Рассказы
Опубликовано в журнале Знамя, номер 11, 2016
Об
авторе | Татьяна Риздвенко окончила Худграф Московского педагогического университета. Была
художником по росписи фарфора, преподавателем живописи, журналистом,
копирайтером, в настоящее время работает в сфере арт-коммуникаций и руководит
литературной студией для подростков в Доме Щепкина. Живет в Москве. Стихи,
рассказы, рецензии печатались в журналах «Знамя», «Октябрь». «Дружба народов»,
«Арион», вестнике современного искусства «Цирк
“Олимп”», поэтических антологиях. Автор трех поэтических сборников. Последняя
публикация в журнале «Знамя» — № 1 за 2015 год.

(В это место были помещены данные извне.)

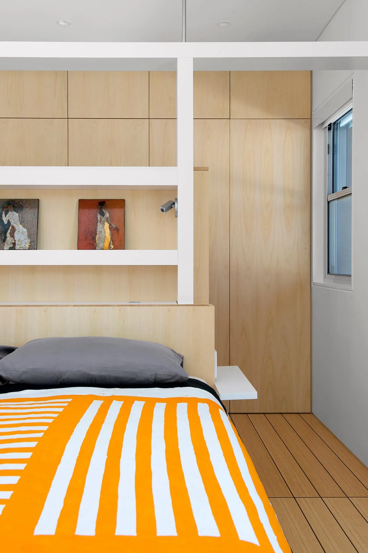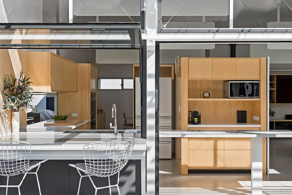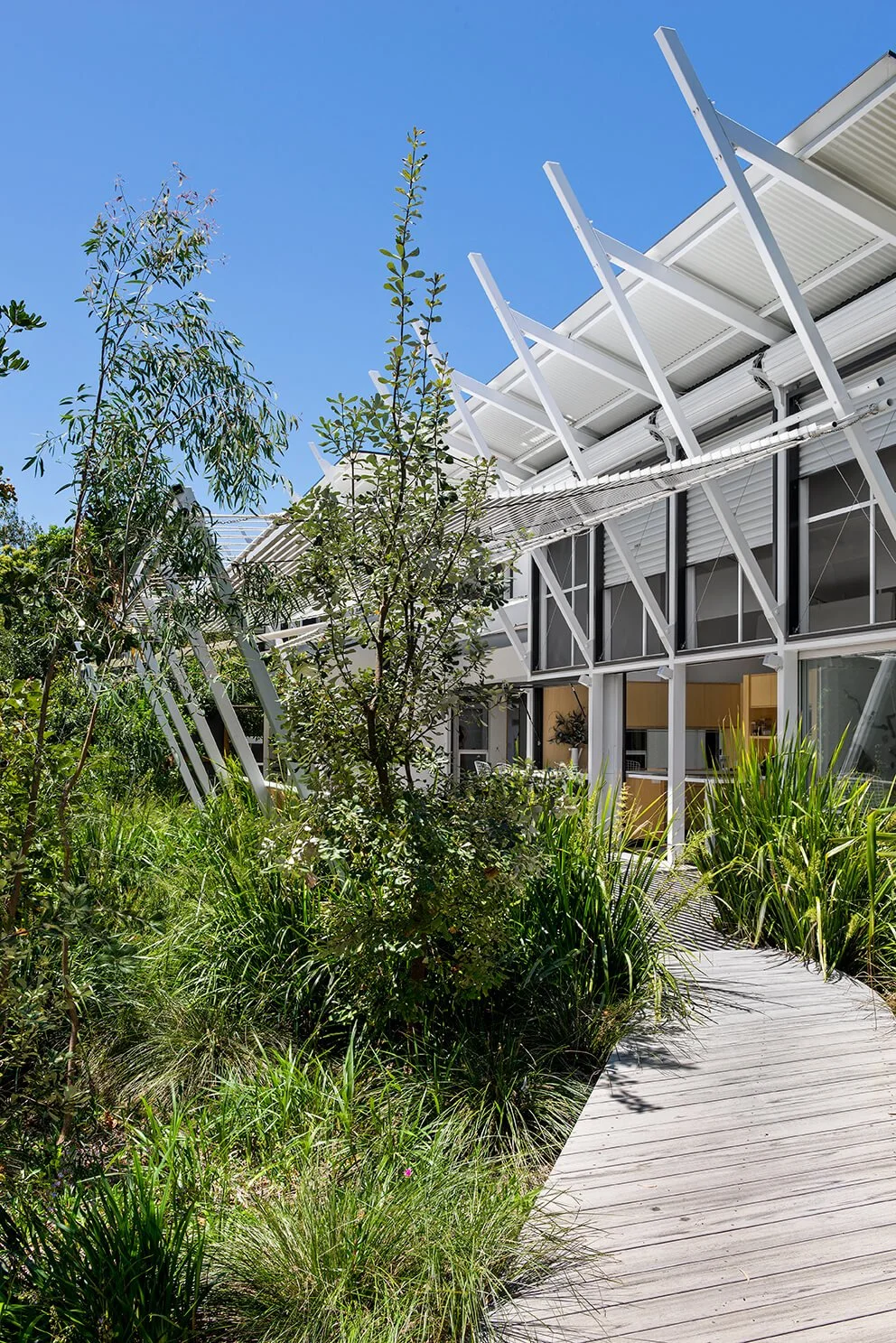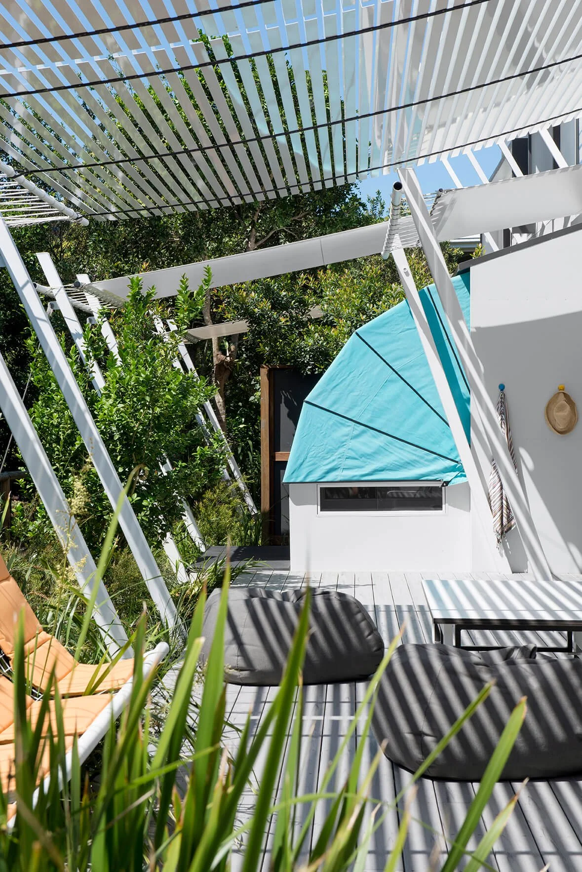The expressive, exuberant house comprises two steel-framed pavilions linked by a breezeway. The single-storey western pavilion has an open-plan living, kitchen and dining area extending out to a northern verandah. The two-storey eastern pavilion accommodates the bedrooms and bathrooms. On the ground floor, the exterior walls of the twin rumpus rooms fold down to create four canvas-roofed sleeping pods that evoke the experience of camping. Upstairs, three bedrooms are connected to the ground floor via an internal staircase and an external water slide.

Разворошить память, как спящий муравейник. Воткнуть палку и еще и покрутить. Чтоб оттуда хлынули заспанные, ошалевшие муравьи, таща за собой продолговатые, неприятного вида яйца…
В смысле, воспоминания.
Что для этого нужно, спрашивается?
Ничего такого. Случай. Меньше того, случайность.
Нужно ехать из гостей. Не поздно, часиков в пол-одиннадцатого. Живет подруга удачно, недалеко, двумя маршрутками вечером минут двадцать выходит.
Виски, прекрасная закуска плюс любимая компания дают идеальное опьянение: радостное, звонкое, вдохновенное; главное, не курить и вовремя убраться, на подъеме. Сквозь эти золотистые очки и стекла маршрутки замшевый московский вечер убаюкивает огнями, чистюля-район уютно готовится ко сну.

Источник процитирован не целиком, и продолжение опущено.